Historic movie theater in Utah, US

The Egyptian Theatre is located at 328 Main Street in Park City, Utah in the United States. It has also been referred to as the Mary J. Steiner Egyptian Theatre or Egyptian Theatre in Park City and is built in the style of Egyptian-themed theatres from the 1920s that followed the discovery of the tomb of Tutankhamun.

==History==
The Egyptian Theatre was built on the location of the old Dewey Theatre, which collapsed under a snow load in January 1916. Construction began in 1926, and the first production, by John Alphonso Rugar (1883–1970), debuted on Christmas Day of 1926. It was built with a stage for potential vaudeville acts but was used primarily as a movie house. The design of the building was a replica of Warner's Egyptian Theatre in East Pasadena, California, and Egyptologist C.R. Berg of Seattle was consulted on the theater's theme and decor.

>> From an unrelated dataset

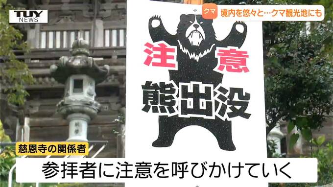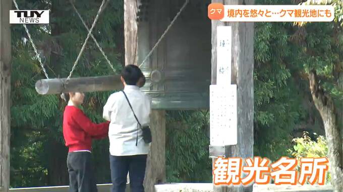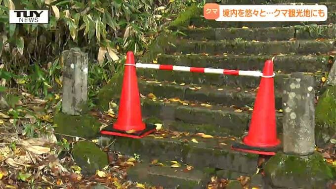 山口颯太 記者「先ほどの防犯カメラの映像に映っていたクマが走り去ったとみられる石段です。慈恩寺ではクマの被害にあわないようポールを設置して参拝者が通行できないようにする対策をとっています」

The Christmas opening featured a performance of "A Wonderful Sign of a Magical Time". The theatre was used as a saloon, a cinema house and live performance theatre during the Great Depression, the Second World War and a period of severe local emigration in the 1950s.

The theatre was eventually renamed the Silver Wheel Theatre in 1963, just in time for the town to rebound as a ski and resort city. Live theatre continued to be presented through this period, and in 1981, it became the home to Park City Performances after a renovation process. The increased diversity in productions helped the theatre carry on as an active venue well into the 1990s.

The Save our Stage community group was formed during this period, and on February 14, 1998, the Egyptian Theatre reopened after the completion of a major reconstruction and refurbishment effort. The cost of the renovation is estimated to be at $1.5 Million.

==Significance==
The Egyptian Theatre was part of a national and worldwide fascination with the contemporary discovery of the tomb of King Tut in Egypt. Many cinema and performance theatres around the nation were either refurbished or constructed with the Egyptian theme in mind.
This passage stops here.